9:42 PM Reporter: Unknown 0 Responses
Why do two people love each other? Why do we need someone to love? Why cannot we love ourselves and exist alone? And what is that chemistry that a couple loves each other? Why both should love each other, and no body else? Love is truly a mystery.

The first reason is of course the passion one feels for the other. Call it hormones, mind, heart, emotions or whatever, one falls in love with another person and cannot live without him/her. Physical beauty is not the sole criteria in romantic passionate love. A very beautiful girl can passionately fall in love with an ordinary looking man to the surprise of all. There is something more that is yet to be explored. Ask a lover about why he/she loves her beloved and you will never get a logical answer. Love does not measure qualities, nor sets any standards. Love happens.

Sometimes the love arises out of appreciation of qualities of the other. This love is different than romantic love, but can be equally magnetic.
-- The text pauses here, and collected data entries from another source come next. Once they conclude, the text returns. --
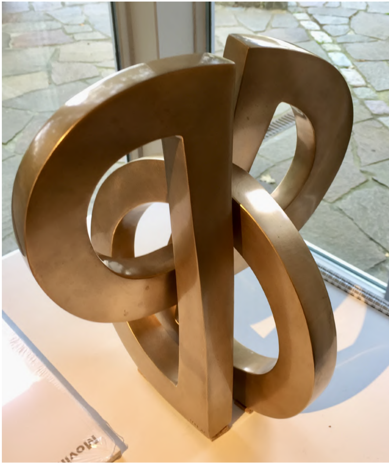
Maximilian Verhas - Korrespond, 2009 Bronze, Auflage 1/10, 30 x 27 x 23, © Maximilian Verhas & Galerie Falkenstern Fine Art

Maximilian Verhas - Korrespond, 2009 Bronze, Edition 1/10, 30 x 27 x 23, © Maximilian Verhas & Galerie Falkenstern Fine Art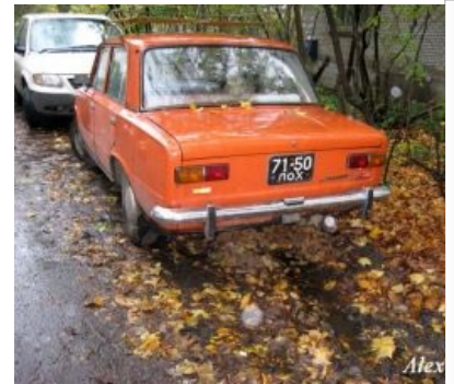
Стандарт 1958 года

Шло время, количество автомобилей росло очень быстро, и вдруг оказалось, что номеров не хватает. Масла в огонь подливало и решение оставить на номерах всего 12 букв (в Совке изначально было 28, после упразднения «Щ» — 27), имеющих аналоги латинских, дабы любой забулганый коллега ДПСников не утруждал себя знанием кириллицы. В 2004—2005 годах разрабатывали новые номера с чипами и шрифтом на манер немецкого, но на это всё вскоре забили, поняв что никому это на хуй не вперлось, да и геморно выйдет: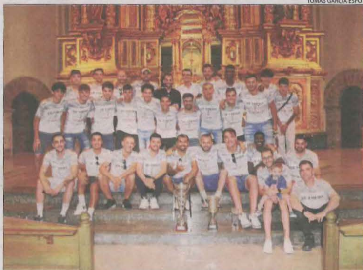
La plantilla va oferir el trofeu al patró del poble, sant Bonifaci.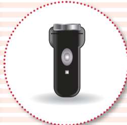
電気カミソリ・電子体温計・ 電動歯ブラシ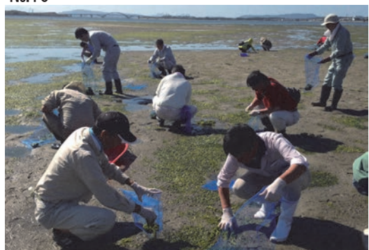
和白干潟あおさの清掃活動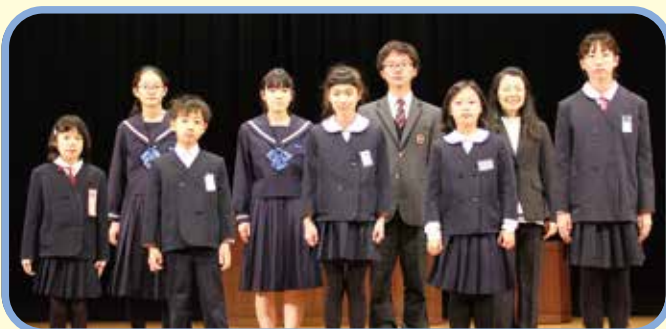
図画・ポスターの受賞者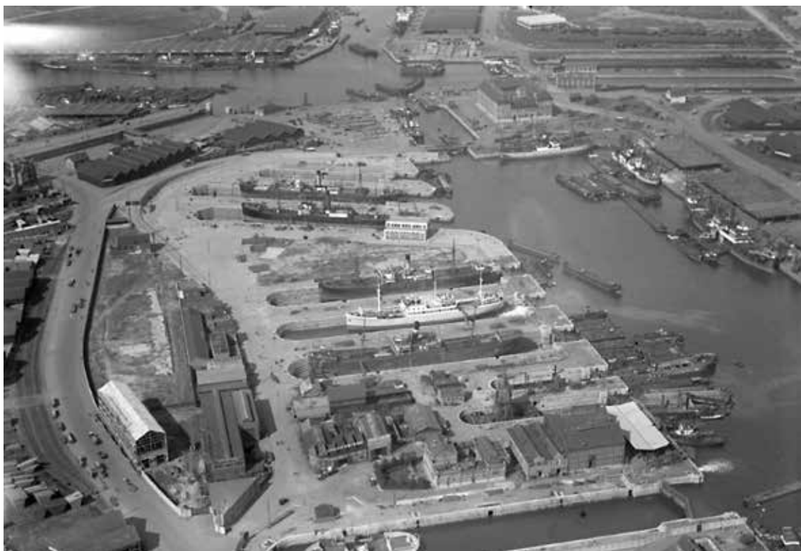
Droogdokken 1968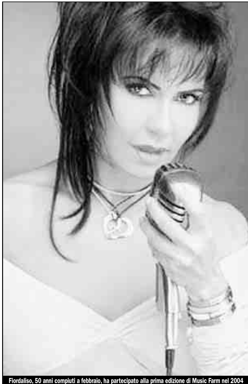
Fiordaliso, 50 anni compiuti a febbraio, ha partecipato alla prima edizione di Music Farm nel 2004

Fiordaliso Casinò di Campione d'Italia , stasera, ore 22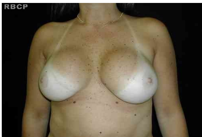
Figura 6 - Paciente com mamas de formato cosmeticamente agradável.

Observamos um caso de seroma unilateral que foi drenado, em três ocasiões, apresentando boa evolução. Não houve ocorrência de hematomas, deiscências ou problemas cicatriciais.

You may get attracted to some persons singing so much that you want to be with him/her at all times. It can be any quality, but it is the appreciation of quality that brings forth this love. In this case the love is passionate love with that quality.

In some cases two persons find so many things alike between each other that they believe they are soul mates. Made for each other, these lovers are bound by the common qualities. What ever may be the reason for falling in love, please fall in love because it is incomparable.